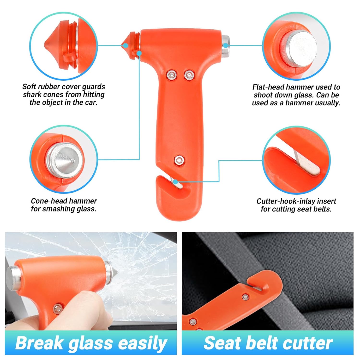 Além disso, o kit de ferramentas que acompanha o produto foi aprimorado com um quebra-vidros multifuncional. O martelo de cabeça plana pode ser utilizado para quebrar vidro e também como um martelo convencional, enquanto o martelo de cabeça cônica é ideal para estilhaçar vidro. O gancho de faca embutido serve para cortar cintos de segurança, proporcionando uma solução prática e segura em situações de emergência.
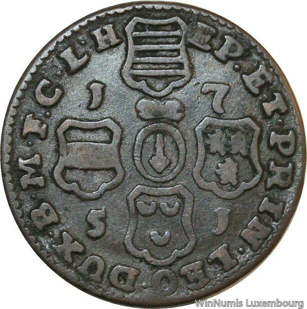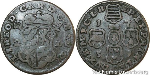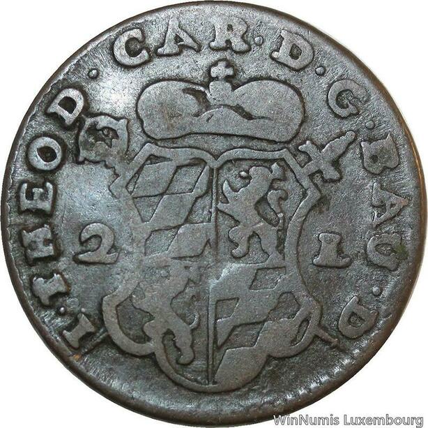 R9932 Rare Feodal Netherlands Liège 2 Liards Jean-Théodore de Bavière 1751
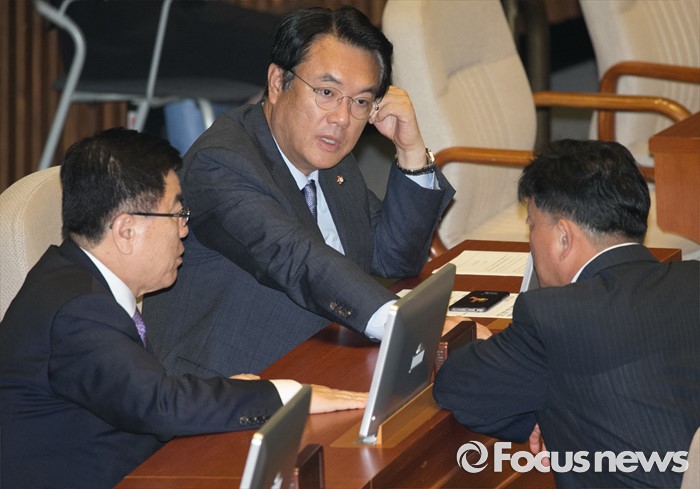 (서울=포커스뉴스) 5일 오후 서울 여의도 국회에서 열린 343회 국회(임시회) 7차 본회의, 정치·외교·통일·안보·교육·사회·문화에 관한 질문에 참석한 정진석(가운데) 새누리당 원내대표, 김광림(왼쪽) 정책위의장, 김명연 의원이 대화하고 있다.
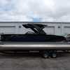 Presenting the 2025 Godfrey SanPan 2700 Dual Flip Lounge decked out with a full windshield to provide a buffer against wind and water spray while cruising. The perfect companion for your boating adventures, this luxury pontoon offers stunning design and innovative features.
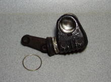 可動側のシューの側面には下の写真のようなピンが出ていて、キャリパー本体の溝にはまり回転
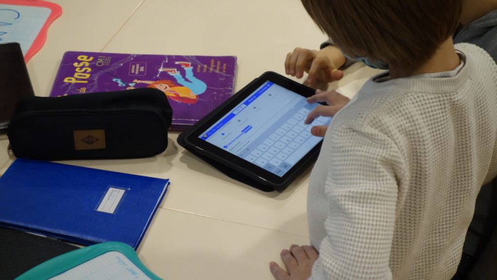 Dans la deuxième classe, chaque binôme avait accès à une tablette, nous avons donc laissé les élèves choisir un thème et écrire leur scénario directement sur Clap. Après une première exploration de l’outil en autonomie, nous avons réalisé un exemple ensemble en prenant Trompette comme personnage principal. Nous leur avons demandé de s’arrêter à l’écriture des séquences. Chaque binôme a ensuite présenté son histoire.
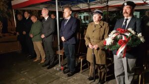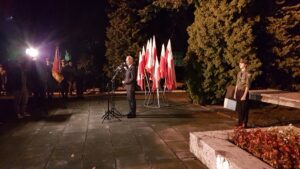 Na początku uroczystości wybrzmiał hymn państwowy. Potem głos zabrał prezydent Tarnobrzega. Dariusz Bożek mówił o tym, że wojna zaczęła się od słów, następnie były gesty i czyny.
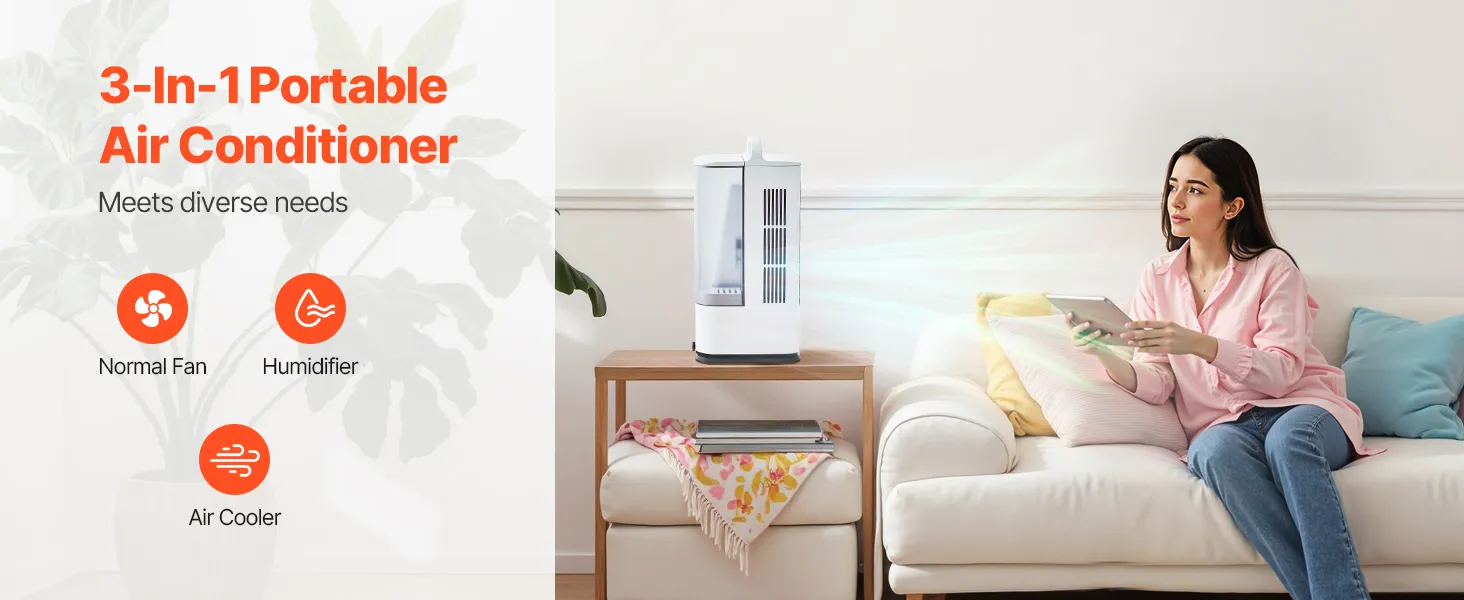 4-in-1 Air Cooler: This portable air conditioner fan combines cooling, humidifying, air circulation, and ambient lighting. Ultrasonic mist technology quickly cools the air, while the colorful lighting enhances the summer vibe.
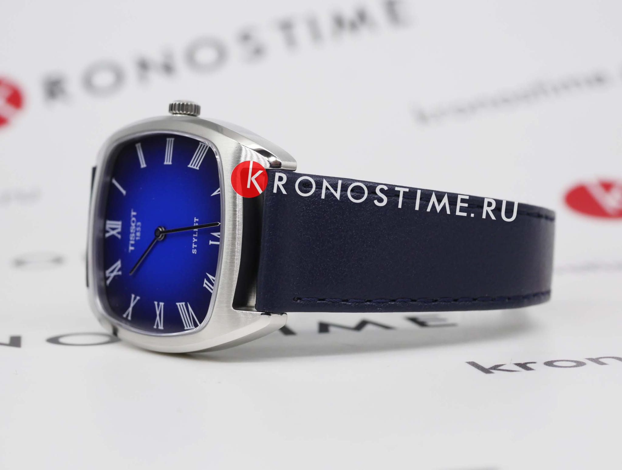 Tissot Stylist (модель T159.909.16.043.00) – элегантные женские часы, сочетающие ретро-стиль с современными технологиями. Квадратный корпус 32 × 32 мм выполнен из нержавеющей стали 316L, что обеспечивает прочность и долговечность. Градиентный синий циферблат с плавным переходом оттенков защищён сапфировым стекломСапфировое стеклоПрочный и надёжный материал из кристалла сапфира синтетического происхождения, характеризующийся особой твёрдостью и устойчивостью к царапинам и повреждениям., устойчивым к царапинам.
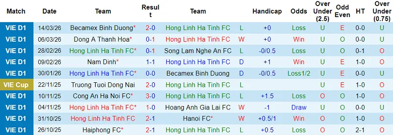 – Thống kê kết quả 10 trận gần nhất của Hà Tĩnh
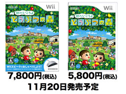 「街へいこうよ どうぶつの森」は、Wiiスピーク 同梱のパッケージを7,800円で、ソフト単体のパッケージを5,800円でそれぞれ11月20日に発売いたします。Wiiスピーク単品は3,500円で発売しますので、同梱パッケージはWiiスピークに興味をお持ちのお客様には、ちょっとお得な設定になっています。
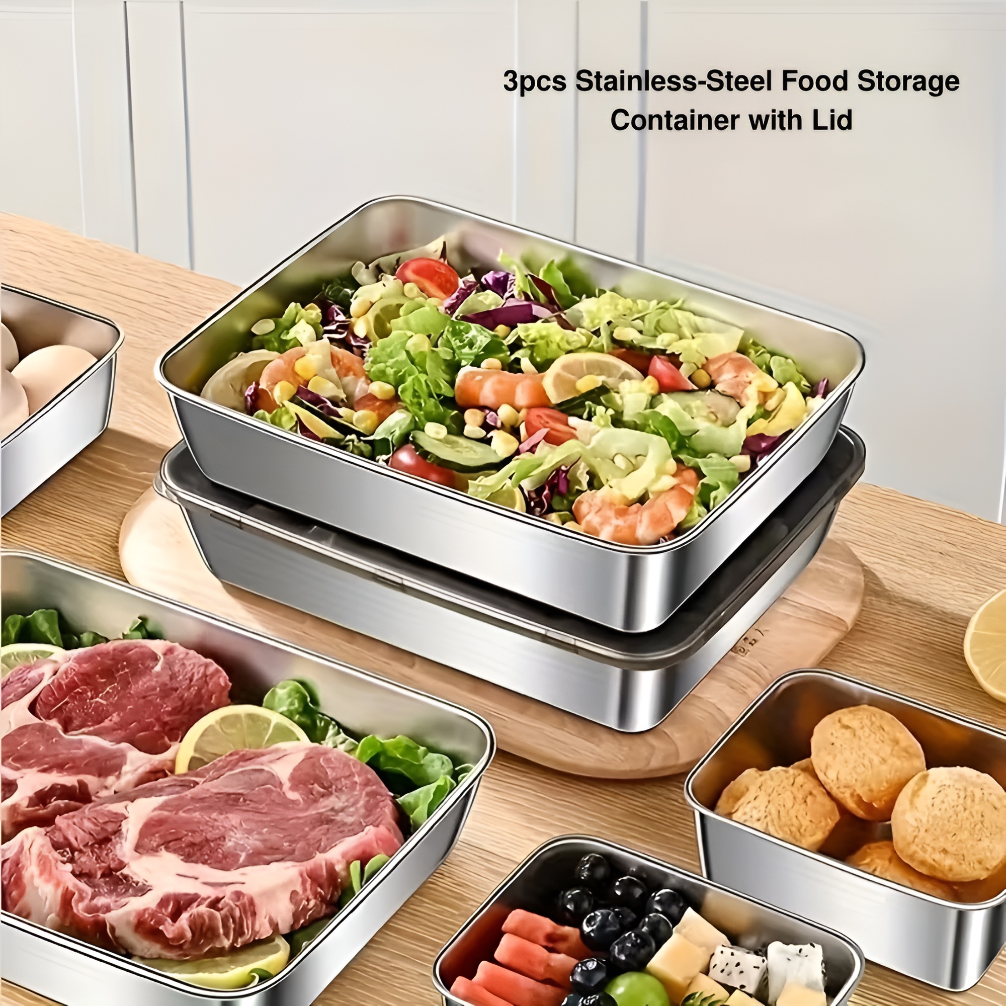 The 3 Piece Of Stainless Steel Food Storage Containers With Lids is designed to bring efficiency and organization to kitchen storage. With a stackable structure and safe lids, these containers help keep food items neatly arranged while saving valuable space. Suitable for a variety of uses, they support everyday food storage needs in both home and kitchen environments.
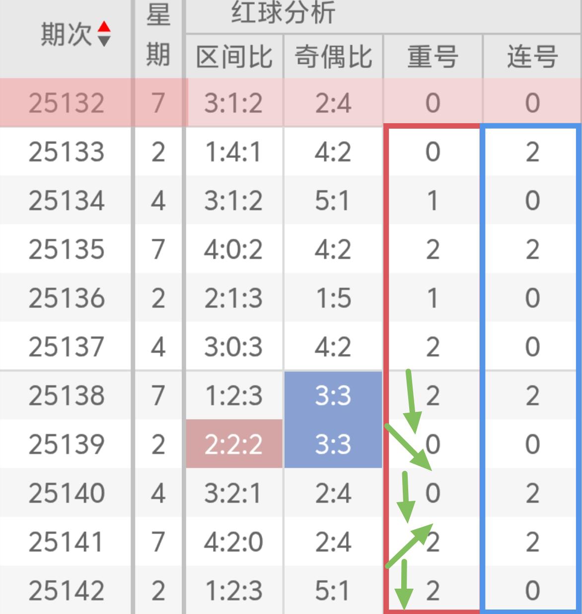 连号:从上图可以看出近20期前区连号出现的个数分别为220202020020220,近期连号出现的频率还是很高的,上期开出连号,本期看好连号会开出。
------------------------------------------------------------
The entries above are to be returned exactly, without their pictures.

 Além disso, o kit de ferramentas que acompanha o produto foi aprimorado com um quebra-vidros multifuncional. O martelo de cabeça plana pode ser utilizado para quebrar vidro e também como um martelo convencional, enquanto o martelo de cabeça cônica é ideal para estilhaçar vidro. O gancho de faca embutido serve para cortar cintos de segurança, proporcionando uma solução prática e segura em situações de emergência.
 R9932 Rare Feodal Netherlands Liège 2 Liards Jean-Théodore de Bavière 1751
 (서울=포커스뉴스) 5일 오후 서울 여의도 국회에서 열린 343회 국회(임시회) 7차 본회의, 정치·외교·통일·안보·교육·사회·문화에 관한 질문에 참석한 정진석(가운데) 새누리당 원내대표, 김광림(왼쪽) 정책위의장, 김명연 의원이 대화하고 있다.
 Presenting the 2025 Godfrey SanPan 2700 Dual Flip Lounge decked out with a full windshield to provide a buffer against wind and water spray while cruising. The perfect companion for your boating adventures, this luxury pontoon offers stunning design and innovative features.
 可動側のシューの側面には下の写真のようなピンが出ていて、キャリパー本体の溝にはまり回転
 Dans la deuxième classe, chaque binôme avait accès à une tablette, nous avons donc laissé les élèves choisir un thème et écrire leur scénario directement sur Clap. Après une première exploration de l’outil en autonomie, nous avons réalisé un exemple ensemble en prenant Trompette comme personnage principal. Nous leur avons demandé de s’arrêter à l’écriture des séquences. Chaque binôme a ensuite présenté son histoire.
 Na początku uroczystości wybrzmiał hymn państwowy. Potem głos zabrał prezydent Tarnobrzega. Dariusz Bożek mówił o tym, że wojna zaczęła się od słów, następnie były gesty i czyny.
 4-in-1 Air Cooler: This portable air conditioner fan combines cooling, humidifying, air circulation, and ambient lighting. Ultrasonic mist technology quickly cools the air, while the colorful lighting enhances the summer vibe.
 Tissot Stylist (модель T159.909.16.043.00) – элегантные женские часы, сочетающие ретро-стиль с современными технологиями. Квадратный корпус 32 × 32 мм выполнен из нержавеющей стали 316L, что обеспечивает прочность и долговечность. Градиентный синий циферблат с плавным переходом оттенков защищён сапфировым стекломСапфировое стеклоПрочный и надёжный материал из кристалла сапфира синтетического происхождения, характеризующийся особой твёрдостью и устойчивостью к царапинам и повреждениям., устойчивым к царапинам.
 – Thống kê kết quả 10 trận gần nhất của Hà Tĩnh
 「街へいこうよ どうぶつの森」は、Wiiスピーク 同梱のパッケージを7,800円で、ソフト単体のパッケージを5,800円でそれぞれ11月20日に発売いたします。Wiiスピーク単品は3,500円で発売しますので、同梱パッケージはWiiスピークに興味をお持ちのお客様には、ちょっとお得な設定になっています。
 The 3 Piece Of Stainless Steel Food Storage Containers With Lids is designed to bring efficiency and organization to kitchen storage. With a stackable structure and safe lids, these containers help keep food items neatly arranged while saving valuable space. Suitable for a variety of uses, they support everyday food storage needs in both home and kitchen environments.
 连号:从上图可以看出近20期前区连号出现的个数分别为220202020020220,近期连号出现的频率还是很高的,上期开出连号,本期看好连号会开出。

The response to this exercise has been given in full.